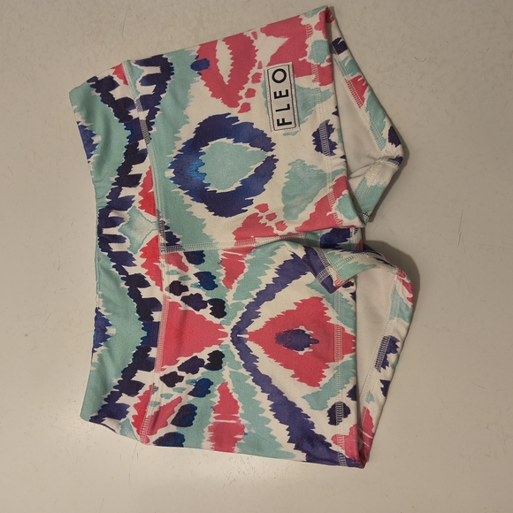 Vibrant FLEO shorts with a colorful pattern. Features pink, blue, and green hues.
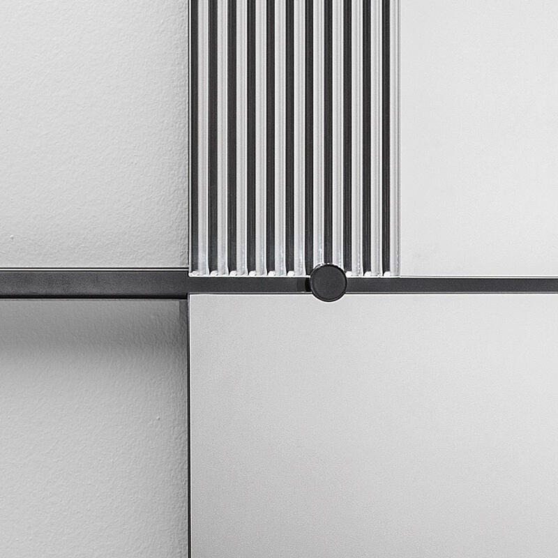 Квадратное зеркало, разработанное Жан-Мишелем Вильмоттом. Квадратная металлическая конструкция, покрытая матовым черно-серым лаком.
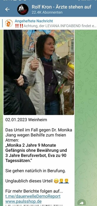 "Die Verteidigerin [von #MonikaJiang] bezeichnete den Prozess als - so wörtlich - "Terrorprozess", zog Nazi-Vergleiche und sprach von einem "totalitären Corona-Regime"."
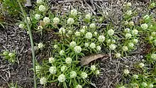 Hyalosperma demissum is a rounded, small annual to 5–20 mm (0.20–0.79 in) high and sparsely covered with long, soft, straight hairs or smooth. The leaves are linear and more or less triangular in cross-section, about 5 mm (0.20 in) long, about 0.2 mm (0.0079 in) wide and gradually tapering to a point. The whitish-yellow flowers are in dense clusters amongst the foliage, the bracts are arranged in 3-4 rows, broadly oblong to oval shaped, outer bracts 2–2.5 mm (0.079–0.098 in) long, almost translucent, light green, silvery or light yellowish brown. The florets are in groupings of 15-25 and the corolla has 3 or 4 lobes. Flowering occurs from September to December and the fruit is a dry, one-seeded, compressed, egg-shaped, warty and about 0.7 mm (0.028 in) long.[2][3]

** Your objective **
With the pictures removed, set down the entire listing exactly.

** Completed exercise **
 Vibrant FLEO shorts with a colorful pattern. Features pink, blue, and green hues.
 Квадратное зеркало, разработанное Жан-Мишелем Вильмоттом. Квадратная металлическая конструкция, покрытая матовым черно-серым лаком.
 "Die Verteidigerin [von #MonikaJiang] bezeichnete den Prozess als - so wörtlich - "Terrorprozess", zog Nazi-Vergleiche und sprach von einem "totalitären Corona-Regime"."
 Hyalosperma demissum is a rounded, small annual to 5–20 mm (0.20–0.79 in) high and sparsely covered with long, soft, straight hairs or smooth. The leaves are linear and more or less triangular in cross-section, about 5 mm (0.20 in) long, about 0.2 mm (0.0079 in) wide and gradually tapering to a point. The whitish-yellow flowers are in dense clusters amongst the foliage, the bracts are arranged in 3-4 rows, broadly oblong to oval shaped, outer bracts 2–2.5 mm (0.079–0.098 in) long, almost translucent, light green, silvery or light yellowish brown. The florets are in groupings of 15-25 and the corolla has 3 or 4 lobes. Flowering occurs from September to December and the fruit is a dry, one-seeded, compressed, egg-shaped, warty and about 0.7 mm (0.028 in) long.[2][3]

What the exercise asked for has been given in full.